Vandersteen Audio 1B loudspeaker

Dear Diary:

I'm on Day 324 of my quest for Real World Hi-Fi, and things haven't turned out as well as I'd have liked. I could have sworn that all this affordable stuff sounded great before I became accustomed to the muy expensivo gear I've been covering in Stereophile for the past couple of years, but now I'm not so sure. Maybe it was the government cheese I was eating back then, but inexpensive hi-fi gear didn't seem to sound so...so cheap back when it was all I had to listen to.

1205van1b.jpgMaybe I'm aiming too low. After all, "Real World" means different things to different people. When I asked David Wilson once if he was ever going to build a Real World speaker, he told me he wasn't sure if his customers were even interested in $5000 speakers.

Am I lowballing things here? Should I raise my price points a wee bit so I don't have to listen to so much garbage anymore?

NO! I made a deal with the devil and I'm going to stick to it! "Find me a killer pair of full-range speakers for under $1000 and we'll rule hell TOGETHER!!!" ol' Lucifer laughed. Hey, how can you pass up an offer like that?

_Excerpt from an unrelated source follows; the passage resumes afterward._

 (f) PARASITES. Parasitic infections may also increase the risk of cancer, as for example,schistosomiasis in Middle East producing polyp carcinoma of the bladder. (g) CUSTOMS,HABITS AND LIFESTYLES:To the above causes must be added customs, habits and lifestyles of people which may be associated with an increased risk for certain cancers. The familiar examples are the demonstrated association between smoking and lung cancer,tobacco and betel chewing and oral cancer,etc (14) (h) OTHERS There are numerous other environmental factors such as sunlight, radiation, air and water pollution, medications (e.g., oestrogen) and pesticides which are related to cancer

So I asked around, trying to find some suitable candidates for the Ultimate Real World Speaker Under A Grand. I had a few ground rules: First, the speaker had to be full-range—none of that pipsqueak, no-bass, minimonitor crap. Second, if the speaker needed stands, it'd better work fine sitting on stacked cinderblocks—none of those muy expensivo specialty stands that cost more than the speaker. And finally, it had to be something I'd wholeheartedly recommend to people I actually know, none of whom are audiophiles in any sense of the word and all of whom would kick my ass if I steered them toward fussy, wimpified audiophile speakers that make Delbert McClinton sound like Engelbert Humperdinck.

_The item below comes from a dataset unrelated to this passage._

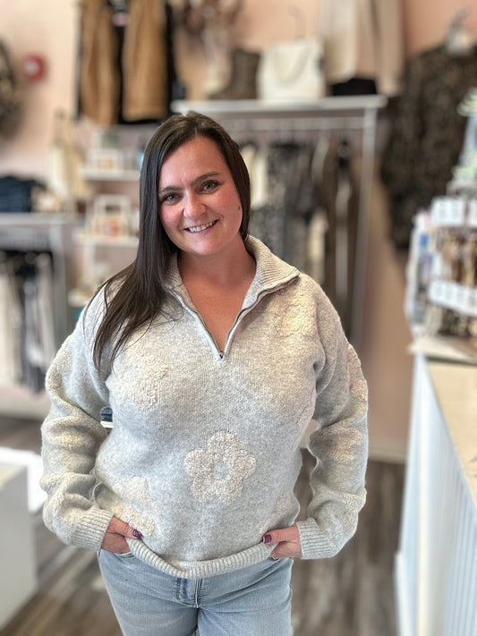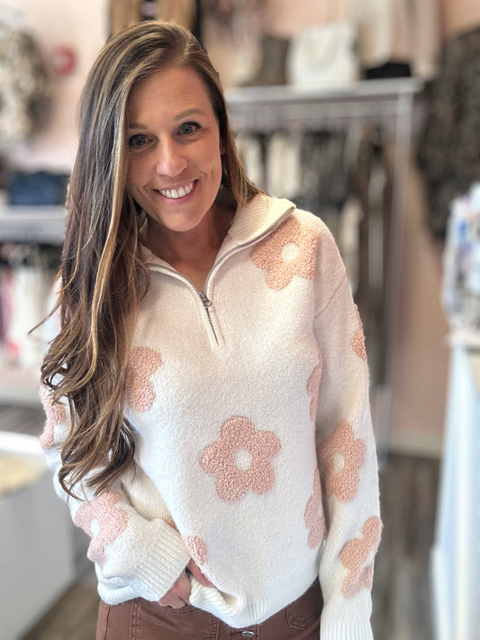 Floral Half Zip Sweater

One speaker that kept popping up as a possible candidate was Vandersteen's $695/pair Model 1B, the company's least expensive. The larger Vandersteens, the 2Ce and 3, have gotten favorable reviews from TJN and JA (Vol.16 No.4, p.217 and Vol.16 No.3, p.140, respectively). And most important, a pair of 1Bs with matching stands costs only $780, leaving a few bux under my $1000 limit to buy some real cheese at the grocery store.

Eric the half-1b
The floorstanding Vandersteen 1B sports an 8" polycone woofer in what Vandersteen terms a "transmission-line" loading, though the cutaway photo of the cabinet's interior looks more like a conventional vented enclosure with a rear-firing slotted port at the bottom of the cabinet. The 1B crosses this driver over at 2.8kHz to a 1" Vifa metal-dome tweeter, whose level is adjustable over a +1/–3dB range with a wirewound level-control pot mounted on the rear of the cabinet. I tried various settings of this tweeter control, but ultimately preferred the "0dB/Flat" for the best-sounding balance.

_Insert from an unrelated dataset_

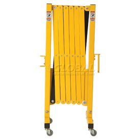 Portable Pedestrian Barricade with Casters Create a barricade anywhere it's needed in seconds. This portable pedestrian barricade has lightweight aluminum slats with steel ends. Weighs only 46 lbs. and measures 40"H when folded. Expands from 16" to 141"L. Yellow and black slats. Includes 4 swivel casters for mobility. 40.00 L. 16.00 W. 2.00 H.

Like the rest of the Vandersteen line, the 1B's drivers are crossed over to each other with first-order 6dB/octave slopes, which means that the unit's 8" woofer had better be extremely well-behaved at the top end—and the 1" metal-dome tweeter had better be able to handle a higher level of upper-midrange energy before distorting than speakers which roll off their tweeters with steeper high-pass slopes. One way Richard Vandersteen helps his tweeters live to tweet another day is to provide the 1Bs with a kind of "overload-protection" circuit that reduces the output to each driver if you're stupid enough to crank your music as loudly as I do. In all my time with the 1Bs, these protection circuits came into play only once, during an extended session with the new Dunhill reissue of Creedence Clearwater Revival's Cosmo's Factory at Stupid-Approved levels. But after a few minutes of system cool-down, the speakers came up to speed again with no problems.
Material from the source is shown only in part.